Multimodal human behaviour analysis in the wild

Recent advances and open problems

Tutorial course at IEEE ICPR 2016
On Sunday December 4th 2016 from 14:00 to 18:00.


Homepage of Xavier Alameda-Pineda Homepage of Elisa Ricci Homepage of Nicu Sebe

Xavier Alameda-Pineda
received his PhD from INRIA and University of Grenoble in 2013. He was a post-doctoral researcher at CNRS/GIPSA-Lab and at the University of Trento, in the Multimodal Human Understanding Group. He is a research scientist t the Perception team, at INRIA, working on signal processing and machine learning for scene and behavior understanding using multimodal data.
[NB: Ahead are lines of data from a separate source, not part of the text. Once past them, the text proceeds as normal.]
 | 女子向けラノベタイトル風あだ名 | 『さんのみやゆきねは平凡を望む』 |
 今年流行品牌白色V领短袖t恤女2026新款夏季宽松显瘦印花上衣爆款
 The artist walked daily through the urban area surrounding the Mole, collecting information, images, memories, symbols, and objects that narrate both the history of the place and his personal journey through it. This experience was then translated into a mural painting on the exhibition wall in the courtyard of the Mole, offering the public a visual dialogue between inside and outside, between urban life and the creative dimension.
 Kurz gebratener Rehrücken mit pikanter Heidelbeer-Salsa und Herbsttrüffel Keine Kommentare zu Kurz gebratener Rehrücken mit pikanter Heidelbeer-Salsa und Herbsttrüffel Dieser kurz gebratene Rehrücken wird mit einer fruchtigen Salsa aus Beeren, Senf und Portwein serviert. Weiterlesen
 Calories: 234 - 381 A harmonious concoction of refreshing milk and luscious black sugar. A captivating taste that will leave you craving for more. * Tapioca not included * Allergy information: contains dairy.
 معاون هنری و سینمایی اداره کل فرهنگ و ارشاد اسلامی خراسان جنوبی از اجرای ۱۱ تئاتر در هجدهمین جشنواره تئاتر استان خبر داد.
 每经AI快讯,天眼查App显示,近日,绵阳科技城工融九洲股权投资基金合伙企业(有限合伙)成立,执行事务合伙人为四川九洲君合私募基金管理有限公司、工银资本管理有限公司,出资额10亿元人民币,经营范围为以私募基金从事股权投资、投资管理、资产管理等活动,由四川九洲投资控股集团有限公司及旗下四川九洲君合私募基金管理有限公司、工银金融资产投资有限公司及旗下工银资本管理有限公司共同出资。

He is the ACM Multimedia 2015 best paper prize winner, member of ACM SIGMM and of IEEE. [Homepage]

Elisa Ricci
is a researcher at FBK and an assistant professor at the University of Perugia. She received her PhD from the University of Perugia in 2008. She has been a post-doctoral researcher at Idiap and FBK, Trento and a visiting researcher at the University of Bristol. Her research interests are directed along developing machine learning algorithms for video scene analysis, human behavior understanding and multimedia content analysis. She is area chair of ACM MM 2016 and of ECCV 2016. [Homepage]

Nicu Sebe
is a full professor in the University of Trento, Italy, where he is leading the research in the areas of multimedia information retrieval and human behavior understanding. He was a General Co-Chair of FG 2008 and ACM MM 2013, and a program chair of CIVR 2007 and 2010, and ACM MM 2007 and 2011. He is a program chair of ECCV 2016 and ICCV 2017. He is a senior member of IEEE and ACM and a fellow of IAPR. [Homepage]

Course Description

The automated analysis of human behavior in unstructured scenarios has many potential applications in health care, conflict and people management, sociology, marketing and surveillance. It is therefore unsurprising that many researchers invested efforts into developing computational approaches able to automatically describe the behavior of a group or an individual. Generally speaking, the extraction of high-level information (e.g. emotional states, personality traits) is unfeasible if the low- and mid-level feature retrieving methods used are not robust and accurate. In this tutorial we will describe recent research efforts in the area of unstructured social scene analysis. Special emphasis will be given to recent approaches combining signal processing and machine learning to robustly extract crucial low and middle level information. We will consider tasks such as: (i) head and body pose estimation from multiple sensors, (ii) free-standing conversational group detection, (iii) audio-visual speaker detection, (iv) separation of moving sound sources and (v) estimation of physiological signals from visual data. An overall description of the extent of the current research, its limitations and promising future work lines will conclude the session. The content of the proposed tutorial lies in the intersection of three of the main topic areas of ICPR 2016, namely: pattern recognition and machine learning, computer and robot vision and image, speech, signal and video processing.